▶ **Required action**
With the pictures left out, restate exactly the part below that opens with the line containing "配置:汤锅身*1、汤锅盖1、炒锅身*1、煎锅身*1、炒锅盖*1" and closes with the line containing "The diamond once".

▶ **Records to use**
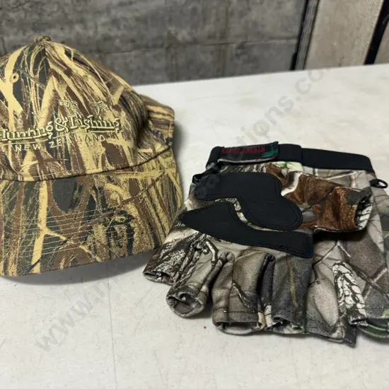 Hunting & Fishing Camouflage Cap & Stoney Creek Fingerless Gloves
--
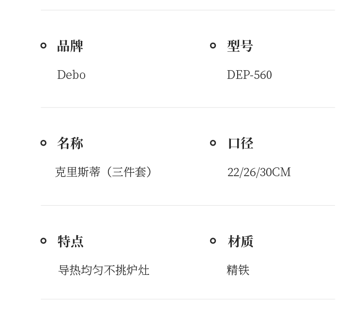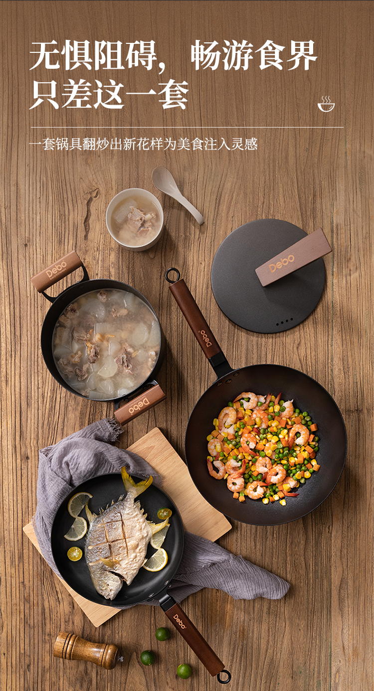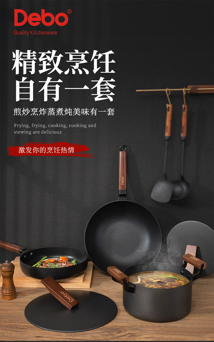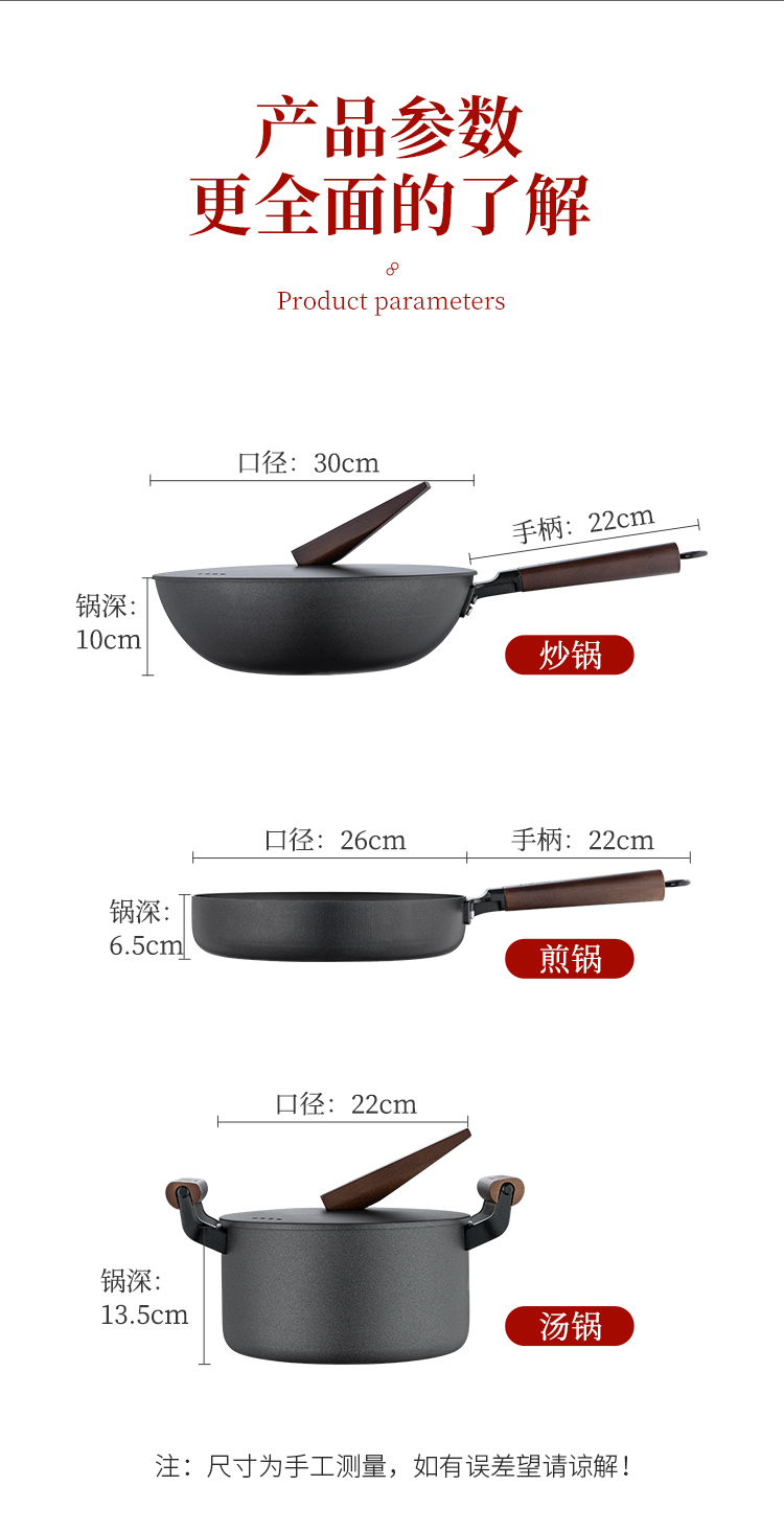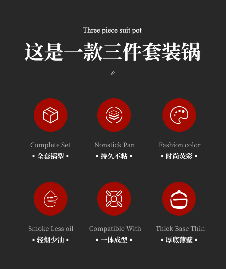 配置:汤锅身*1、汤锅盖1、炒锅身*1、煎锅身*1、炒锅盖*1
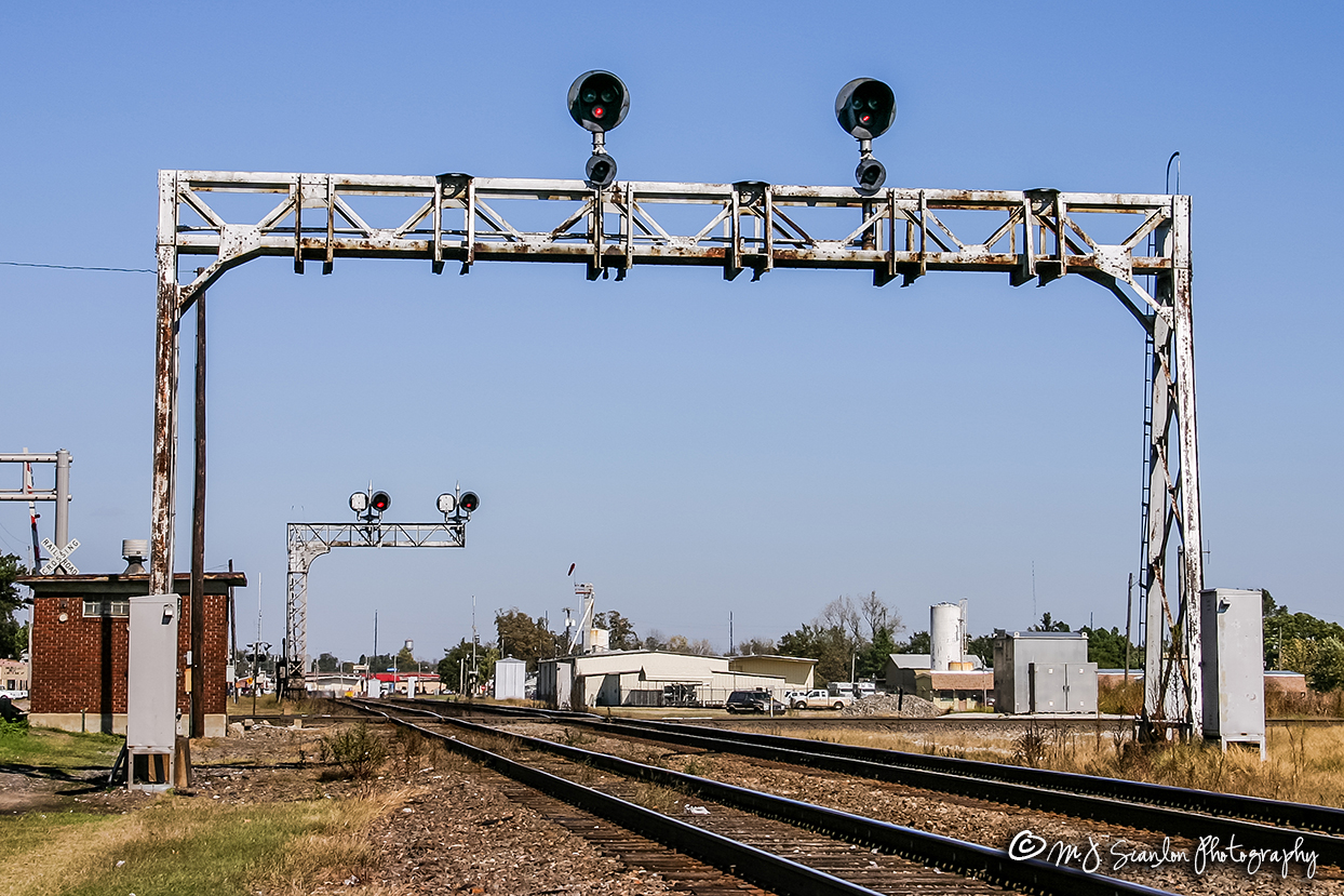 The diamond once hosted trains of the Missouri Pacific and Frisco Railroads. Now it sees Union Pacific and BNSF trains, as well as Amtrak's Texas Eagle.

▶ **Solved exercise**
 配置:汤锅身*1、汤锅盖1、炒锅身*1、煎锅身*1、炒锅盖*1
 The diamond once hosted trains of the Missouri Pacific and Frisco Railroads. Now it sees Union Pacific and BNSF trains, as well as Amtrak's Texas Eagle.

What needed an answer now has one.